The Problem With Resilience

Resilience has become the great virtue of our age. Be resilient. Bounce back. Show grit. Adapt. Overcome. Persist.

It sounds empowering. It’s often exhausting.

Dr. Lisa Rodriguez has been a nurse for fifteen years. During the pandemic, she worked seventy-hour weeks, watched patients die alone, held her fear and grief while showing up every day. Her hospital administration kept sending emails about resilience. “Practice self-care,” they said. “Build your resilience skills.”

What they didn’t say: We’re understaffed, underpaying you, and expecting you to endure conditions that shouldn’t exist. Your exhaustion isn’t a personal failing. It’s a structural problem. But instead of fixing the structure, we’re going to tell you to be more resilient.

This is the problem with resilience. It’s been weaponized. What started as a recognition that humans can adapt to hardship has become an excuse to create hardship and blame people for struggling with it.

The term comes from materials science. It describes the ability of a material to absorb stress and return to its original form. Applied to humans, it’s meant to capture our ability to survive trauma and difficulty.

But humans aren’t materials. We don’t just bounce back. We absorb damage. We carry scars. And some things shouldn’t require resilience. They should just not happen.

When corporations cut staff and expect the remaining workers to do more with less, they call it “building a resilient workforce.” When schools underfund mental health services and tell struggling students to be tougher, they call it “teaching resilience.” When the economy makes basic stability nearly impossible for young people, we tell them to be more adaptable.

In each case, resilience language shifts responsibility from systems to individuals. The problem isn’t the exploitative working conditions. It’s your inability to handle them. The problem isn’t the lack of support. It’s your lack of coping skills. The problem isn’t the impossible economic circumstances. It’s your failure to adapt.

This is what philosopher Michel Foucault called “responsibilization.” We take structural problems and reframe them as personal challenges. We make individuals responsible for outcomes that are shaped by forces beyond their control.

The research on actual resilience is more complicated than the self-help industry admits. Yes, some people handle adversity better than others. But resilience isn’t primarily a personality trait. It’s a product of resources.

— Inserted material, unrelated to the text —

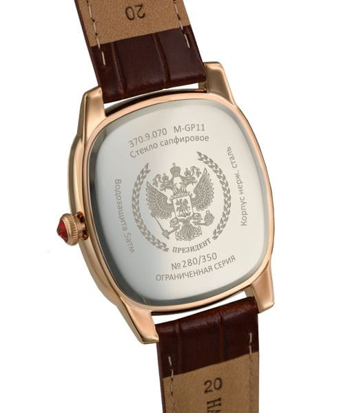 Часы «Президент» модели 3709070 — это мужские кварцевые наручные часы, сочетающие элегантный дизайн и надёжность. Механизм: японский кварцевый механизм Miyota GP11, обеспечивающий высокую точность. Функции: часы, минуты, секунды и дата. Корпус: из нержавеющей стали с PVD-покрытиемPVDУльтратонкое покрытие наносится в технике вакуумного напыления, сочетает в себе нитрид титана особой прочности со слоем золота или оксида хрома. Несёт в себе декоративную или защитную функцию. розового золота, размером 41 мм х 38 мм, толщиной 9,8 мм. Стекло: сапфировоеСапфировое стеклоПрочный и надёжный материал из кристалла сапфира синтетического происхождения, характеризующийся особой твёрдостью и устойчивостью к царапинам и повреждениям., устойчивое к царапинам. Водонепроницаемость: 5 ATM (50 метров), подходящая для повседневного использования. Ремешок: кожаный, шириной 20 мм, с классической застёжкой. Эти часы выпущены ограниченным тиражом в 350 экземпляров, что подчёркивает их эксклюзивность и статус.

People are resilient when they have financial stability, when they have supportive relationships, when they have access to healthcare and housing and food. Remove those material supports and even the grittiest person will struggle.

This matters because it means resilience interventions that focus on mindset or skills without addressing material conditions are essentially useless. Teaching a homeless person positive thinking doesn’t help as much as giving them housing. Telling a burned-out worker to practice gratitude doesn’t help as much as reasonable working hours and fair pay.

There’s also a darker side to resilience culture. It normalizes suffering. When we celebrate people who overcome terrible circumstances, we often forget to ask why those circumstances existed in the first place.

We praise the teacher who spends her own money on classroom supplies instead of asking why schools are so underfunded. We applaud the cancer patient who stays positive instead of questioning why medical care is so expensive. We admire the single parent working three jobs instead of demanding living wages and affordable childcare.

This praise for resilience becomes a substitute for justice. We make heroes out of people surviving circumstances that should never exist, and in doing so, we let ourselves off the hook for changing those circumstances.

None of this means resilience is bad. The capacity to endure difficulty, to adapt to hardship, to recover from trauma, these are important human capabilities. We should develop them. We should honor them.

But we should also recognize their limits. Some things break people, and that’s not their fault. Some difficulties shouldn’t be endured. They should be eliminated. Some adaptation is not strength but surrender.

The goal shouldn’t be infinite resilience. It should be building a world that requires less of it.

Dr. Rodriguez eventually quit nursing. She wasn’t lacking in resilience. She was lacking in reasonable working conditions. The problem wasn’t her. It was the system. And all the resilience in the world couldn’t fix that.